Qwen3.6-27B claims flagship coding performance at 55.6GB
Qwen's new 27B dense open-weight model, Qwen3.6-27B, claims to surpass the much larger Qwen3.5-397B-A17B on all major coding benchmarks while weighing just 55.6GB versus the predecessor's 807GB.
Score breakdown
Developers running local LLMs can now access a model that claims flagship-level agentic coding performance in a 16.8GB quantized package, runnable on consumer hardware via `llama.cpp`.
- 01Qwen3.6-27B is a 27B dense open-weight model that Qwen claims surpasses Qwen3.5-397B-A17B on all major coding benchmarks.
- 02Qwen3.5-397B-A17B weighs 807GB on Hugging Face; Qwen3.6-27B weighs just 55.6GB.
- 03A quantized version (`unsloth/Qwen3.6-27B-GGUF:Q4_K_M`) runs at 16.8GB locally via `llama-server`.
Qwen has released Qwen3.6-27B, a dense 27-billion-parameter open-weight model that the company claims surpasses its previous open-source flagship, Qwen3.5-397B-A17B (a 397B total / 17B active MoE architecture), across all major coding benchmarks. The size contrast is striking: Qwen3.5-397B-A17B occupies 807GB on Hugging Face, while Qwen3.6-27B is just 55.6GB — making it far more practical to run locally.
A second test, generating an SVG of a "NORTH VIRGINIA OPOSSUM ON AN E-SCOOTER," produced 6,575 tokens in 4 minutes 25 seconds at 24.74 tokens/s.

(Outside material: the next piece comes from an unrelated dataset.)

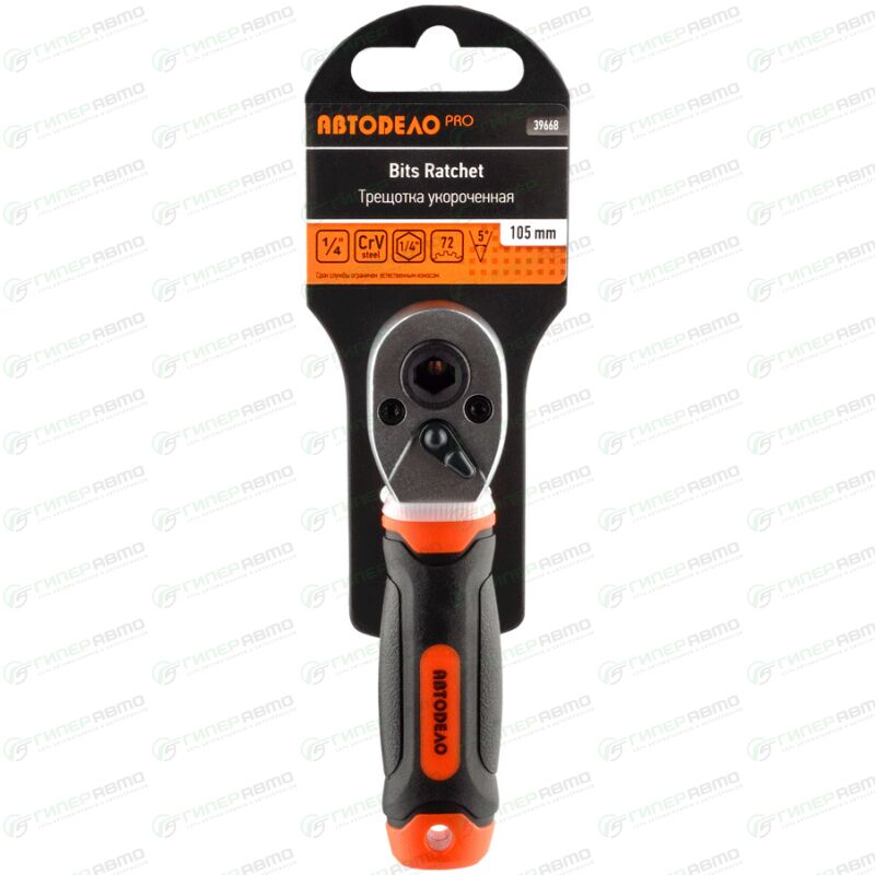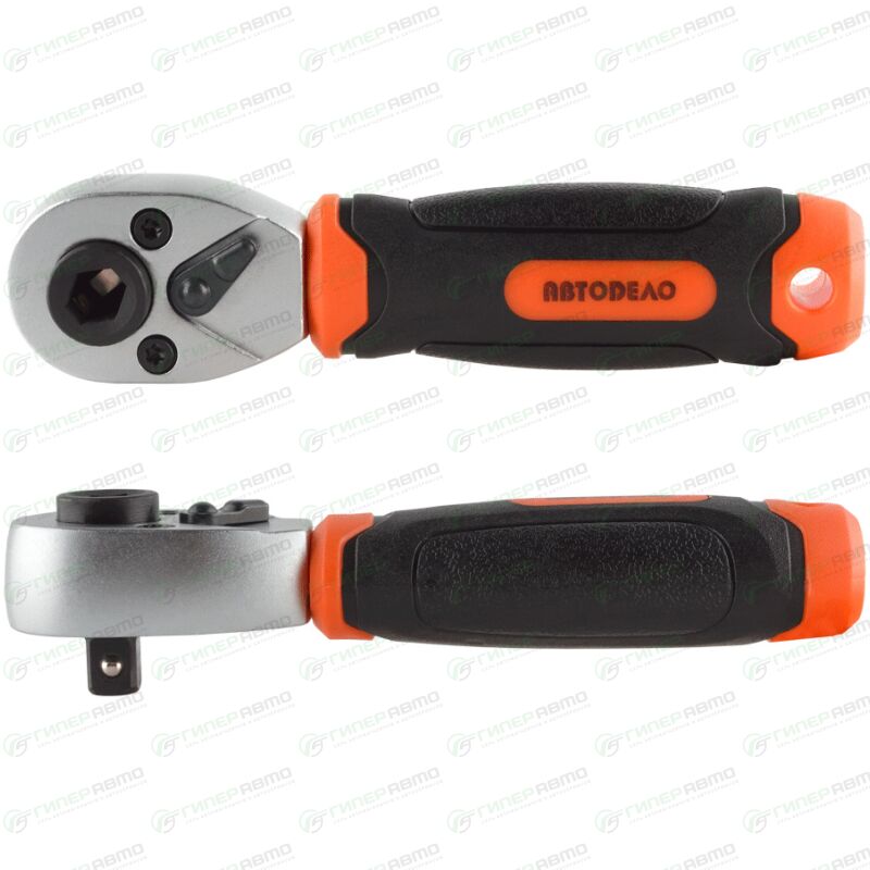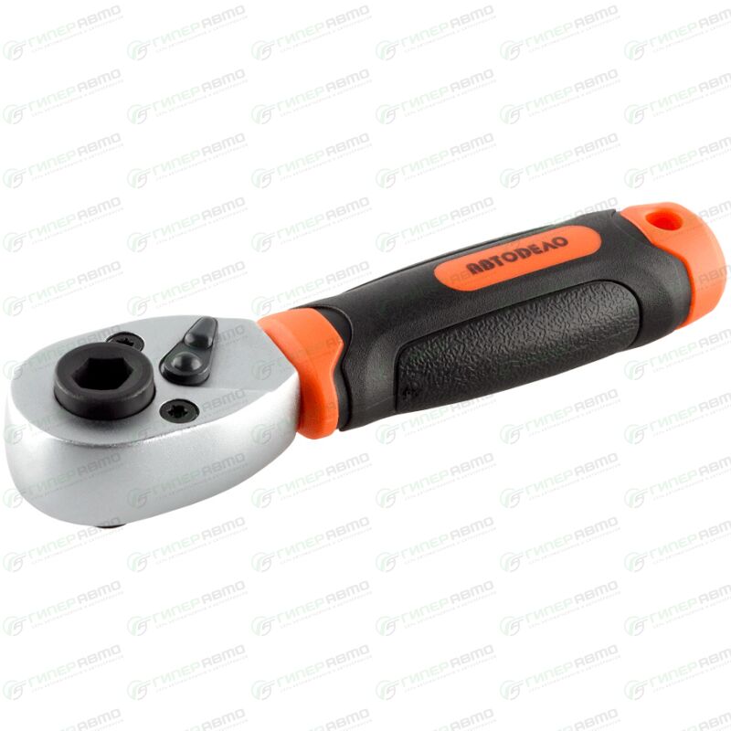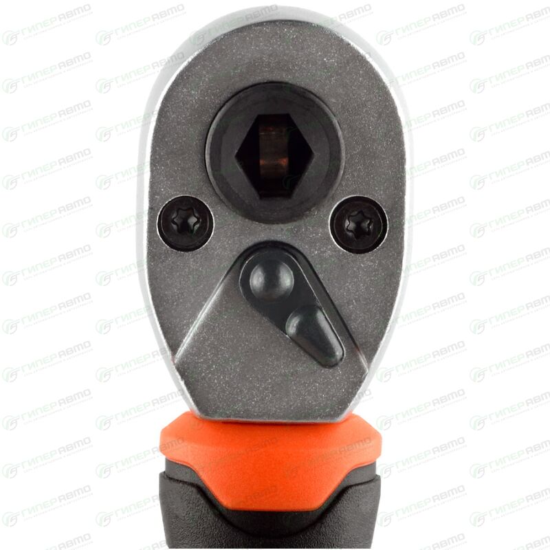 Имеет стандартный присоединительный квадрат 1/4 с фиксирующим шариком и механизмом быстрого сброса. Флажковый механизм трещотки позволяет переключать направление рабочего вращения и обеспечивает минимальный угол поворота 5 градусов за счет привода с 72-мя зубцами. Длина трещотки: 105 мм.

The post describes running the model using a 16.8GB quantized version (`unsloth/Qwen3.6-27B-GGUF:Q4_K_M`) with `llama-server`, installed via `brew install llama.cpp`. The full command used includes flags for context length (`-c 65536`), temperature (`--temp 0.6`), top-p (`--top-p 0.95`), top-k (`--top-k 20`), and reasoning mode (`--reasoning on`), based on a recipe from a Hacker News user. On first run, the model was cached to `~/.cache/huggingface/hub/models--unsloth--Qwen3.6-27B-GGUF`.
Two SVG generation tests were run as informal benchmarks. The first — "Generate an SVG of a pelican riding a bicycle" — produced 4,444 tokens in 2 minutes 53 seconds at 25.57 tokens/s, described as an outstanding result for a local model of this size. A second test, generating an SVG of a "NORTH VIRGINIA OPOSSUM ON AN E-SCOOTER," produced 6,575 tokens in 4 minutes 25 seconds at 24.74 tokens/s.
Key facts
- 01Qwen3.6-27B is a 27B dense open-weight model that Qwen claims surpasses Qwen3.5-397B-A17B on all major coding benchmarks.
- 02Qwen3.5-397B-A17B weighs 807GB on Hugging Face; Qwen3.6-27B weighs just 55.6GB.
- 03A quantized version (`unsloth/Qwen3.6-27B-GGUF:Q4_K_M`) runs at 16.8GB locally via `llama-server`.
- 04The model was installed using `brew install llama.cpp` and run with a community recipe from Hacker News.
- 05A pelican-riding-a-bicycle SVG test generated 4,444 tokens in 2 min 53s at 25.57 tokens/s.
- 06A second SVG test (opossum on an e-scooter) produced 6,575 tokens in 4 min 25s at 24.74 tokens/s.